Restate word for word the opening line of the data below and every line after it until the line with "Pour cette journée, le", that line too, but not the pictures.

■ ■ ■ ■ ■ ■ ■

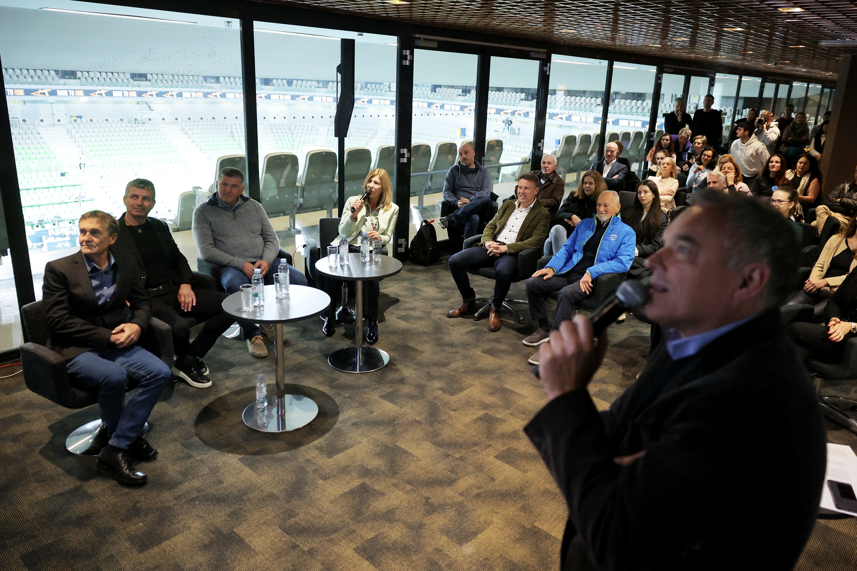 Društvo športnih novinarjev je sprejem novih članov v Hram slovenskih športnih junakov organiziral z veliko in srčno pomočjo rokometnega kluba Krim Mercator. Najlepša hvala za prijetno sodelovanje in srečno ekipi v prihodnosti.
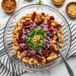 A vibrant and flavorful Sun Dried Tomato Cannellini Bean Salad that combines creamy beans with tangy sun-dried tomatoes, pine nuts, fresh basil, and a hint of garlic and red pepper flakes. This no-cook, easy-to-make salad is perfect as a light meal or a versatile side dish, great served on greens, wraps, or crackers.
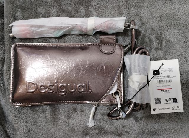 Detalles del productoMonedero estilo porta móvil, en tejido efecto piel, con acabado metalizado, logo efecto 3D, llavero extrañible y cierre de cremallera.
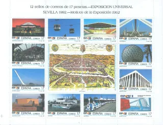 Mini pliego de sellos conmemorativos de la Exposición Universal de Sevilla 1992. - Incluye 12 sellos de 27 pesetas. - Motivos de la Exposición 1992.
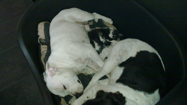 Honden foto's > Nancy, Luke en Harry > Samen met Guusje in de mand
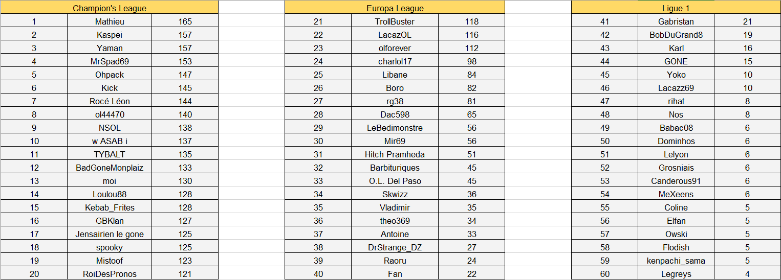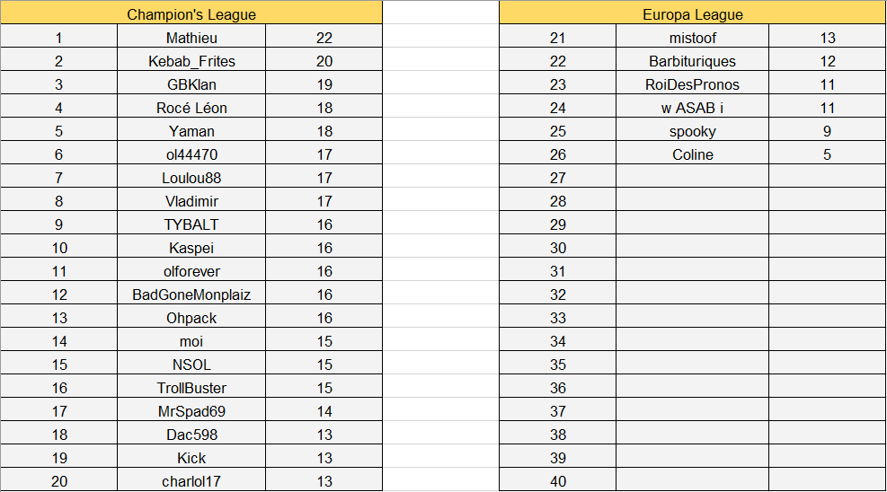 Pour cette journée, le match de Paris est offert et les résultats décalés de 3 soirs après le match de Monaco.
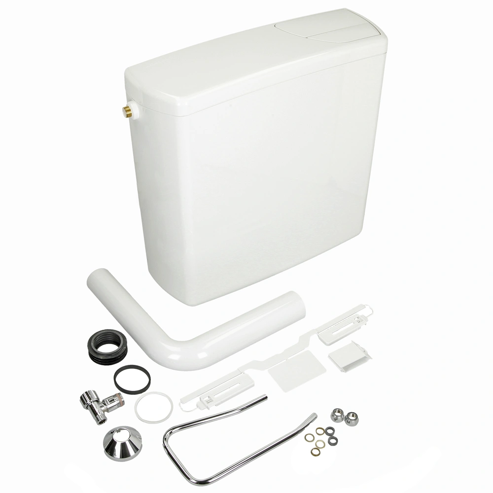 Toutes les informations sur le produit FournituresLe réservoir de chasse d'eau WC pour montage apparent est équipé d'une touche avec deux volumes de rinçage, intégré dans le couvercle. Le raccordement à l'eau se fait au choix à gauche, à droite ou à l'arrière au milieu. De plus, le réservoir de chasse a une isolation étanche à la vapeur d'eau et au bruit.
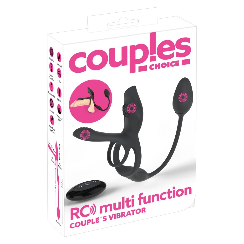 Le RC Multi Function Couple's Vibrator de Coup!es Choice soutient le pénis et dorlote les couples pendant les rapports sexuels grâce à des vibrations profondes. Pas moins de 5 jouets sont combinés dans ce multi-talent : Anneau pour pénis et testicules, vibrateur de couple, vibrateur clitoridien et bouchon vibro-anal.
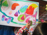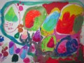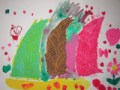 左から・・・心地よい春風を感じるたくまくん(小1)、元気いっぱいすくすく育っていく感じのあやのちゃん(小1)、なぜかひとつひとつに名前がついてカラフルなさやちゃん(小1)、気合いのはいった線がすばらしいまいちゃん(小2)の作品です。
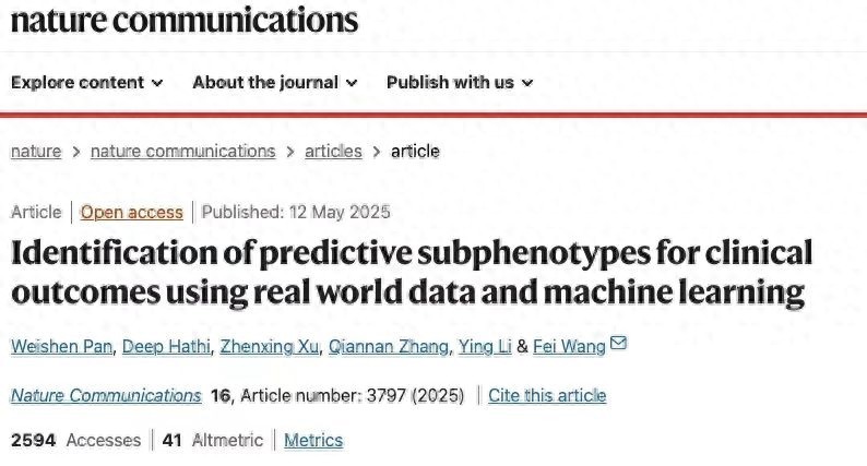 相关研究成果以「Identification of predictive subphenotypes for clinical outcomes using real world data and machine learning」为题,已发表于 Nature Communication。

■ ■ ■ ■ ■ ■ ■

**Result:**
 Društvo športnih novinarjev je sprejem novih članov v Hram slovenskih športnih junakov organiziral z veliko in srčno pomočjo rokometnega kluba Krim Mercator. Najlepša hvala za prijetno sodelovanje in srečno ekipi v prihodnosti.
 A vibrant and flavorful Sun Dried Tomato Cannellini Bean Salad that combines creamy beans with tangy sun-dried tomatoes, pine nuts, fresh basil, and a hint of garlic and red pepper flakes. This no-cook, easy-to-make salad is perfect as a light meal or a versatile side dish, great served on greens, wraps, or crackers.
 Detalles del productoMonedero estilo porta móvil, en tejido efecto piel, con acabado metalizado, logo efecto 3D, llavero extrañible y cierre de cremallera.
 Mini pliego de sellos conmemorativos de la Exposición Universal de Sevilla 1992. - Incluye 12 sellos de 27 pesetas. - Motivos de la Exposición 1992.
 Honden foto's > Nancy, Luke en Harry > Samen met Guusje in de mand
 Pour cette journée, le match de Paris est offert et les résultats décalés de 3 soirs après le match de Monaco.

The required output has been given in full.